(Collected data entries)
------------
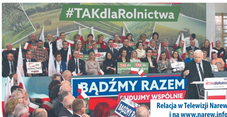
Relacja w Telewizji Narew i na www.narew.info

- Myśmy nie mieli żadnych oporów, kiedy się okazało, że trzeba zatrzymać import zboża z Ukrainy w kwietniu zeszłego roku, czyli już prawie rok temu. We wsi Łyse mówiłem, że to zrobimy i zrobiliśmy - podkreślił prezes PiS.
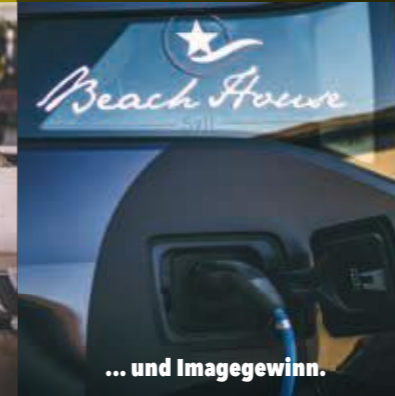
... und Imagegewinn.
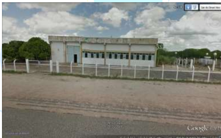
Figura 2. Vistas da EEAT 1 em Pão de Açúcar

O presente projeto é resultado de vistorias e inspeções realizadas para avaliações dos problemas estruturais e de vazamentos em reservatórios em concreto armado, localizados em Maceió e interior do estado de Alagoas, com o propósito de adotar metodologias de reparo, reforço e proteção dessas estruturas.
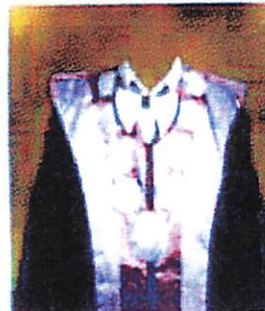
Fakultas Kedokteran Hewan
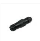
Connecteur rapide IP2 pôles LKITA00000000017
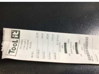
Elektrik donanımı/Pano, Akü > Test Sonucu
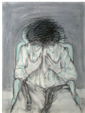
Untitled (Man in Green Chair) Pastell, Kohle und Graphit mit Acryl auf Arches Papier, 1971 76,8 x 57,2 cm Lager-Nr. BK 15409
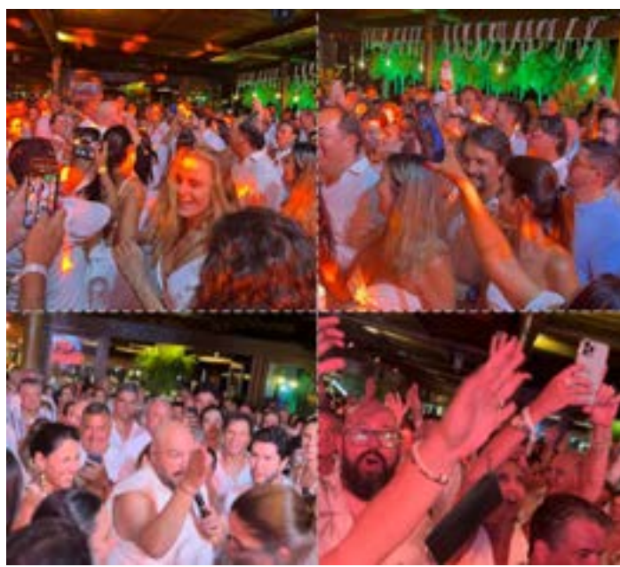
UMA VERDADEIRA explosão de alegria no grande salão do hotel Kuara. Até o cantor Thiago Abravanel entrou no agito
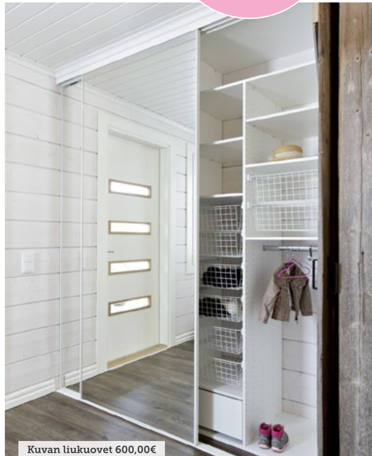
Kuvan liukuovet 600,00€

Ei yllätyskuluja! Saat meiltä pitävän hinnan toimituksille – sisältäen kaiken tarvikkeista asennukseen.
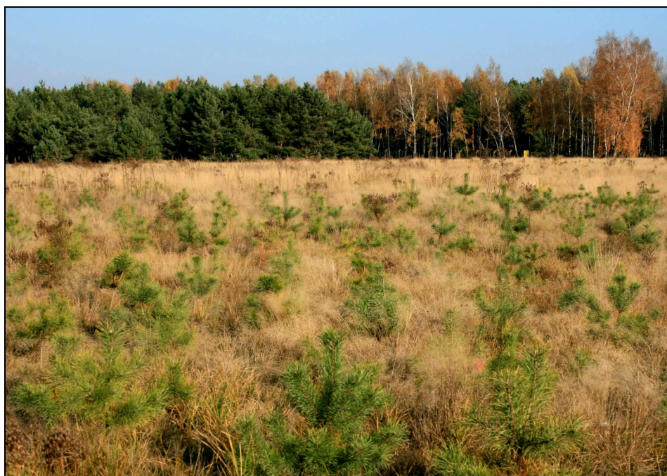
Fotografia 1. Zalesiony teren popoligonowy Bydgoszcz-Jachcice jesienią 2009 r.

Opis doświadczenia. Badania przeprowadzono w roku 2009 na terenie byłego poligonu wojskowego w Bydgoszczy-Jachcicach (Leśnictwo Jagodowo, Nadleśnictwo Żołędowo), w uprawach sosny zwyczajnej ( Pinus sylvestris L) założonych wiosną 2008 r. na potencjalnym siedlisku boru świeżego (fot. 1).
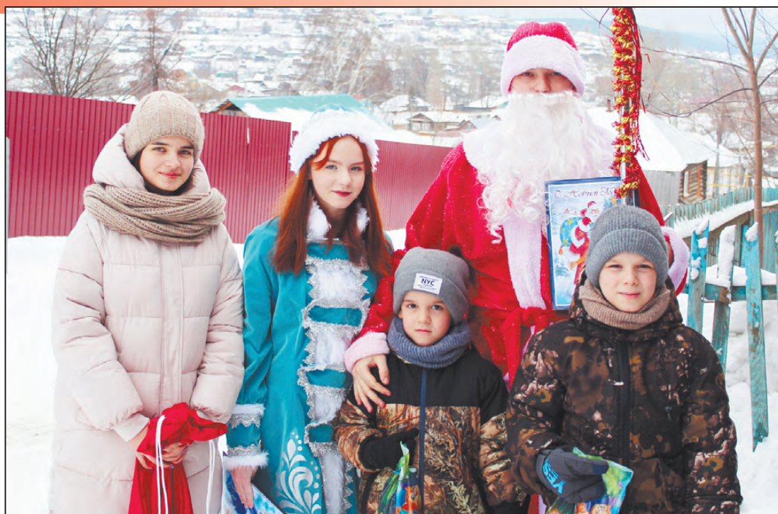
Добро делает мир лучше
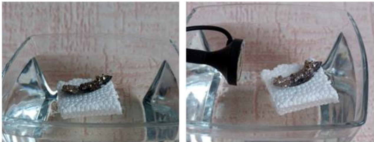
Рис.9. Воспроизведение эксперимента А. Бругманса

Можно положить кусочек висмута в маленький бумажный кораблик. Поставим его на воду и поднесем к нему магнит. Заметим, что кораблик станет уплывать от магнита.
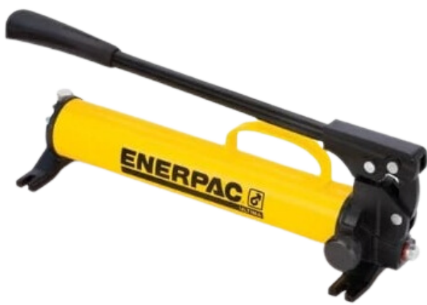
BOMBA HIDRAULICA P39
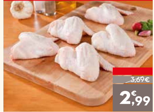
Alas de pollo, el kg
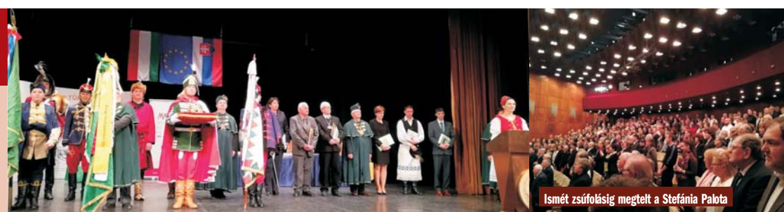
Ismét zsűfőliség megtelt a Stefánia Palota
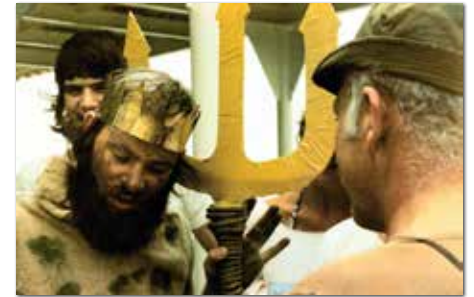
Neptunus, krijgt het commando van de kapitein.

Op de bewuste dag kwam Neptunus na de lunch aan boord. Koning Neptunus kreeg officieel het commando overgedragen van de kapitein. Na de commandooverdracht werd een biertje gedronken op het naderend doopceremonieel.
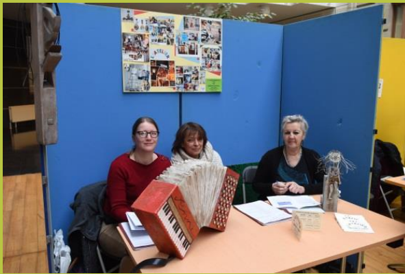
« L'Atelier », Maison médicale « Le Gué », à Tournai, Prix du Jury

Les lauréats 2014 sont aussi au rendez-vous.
------------
ASSIGNMENT. Across all the entries, count the lines that contain the word "Neptunus" and give the number by itself.

WRITTEN SOLUTION. 2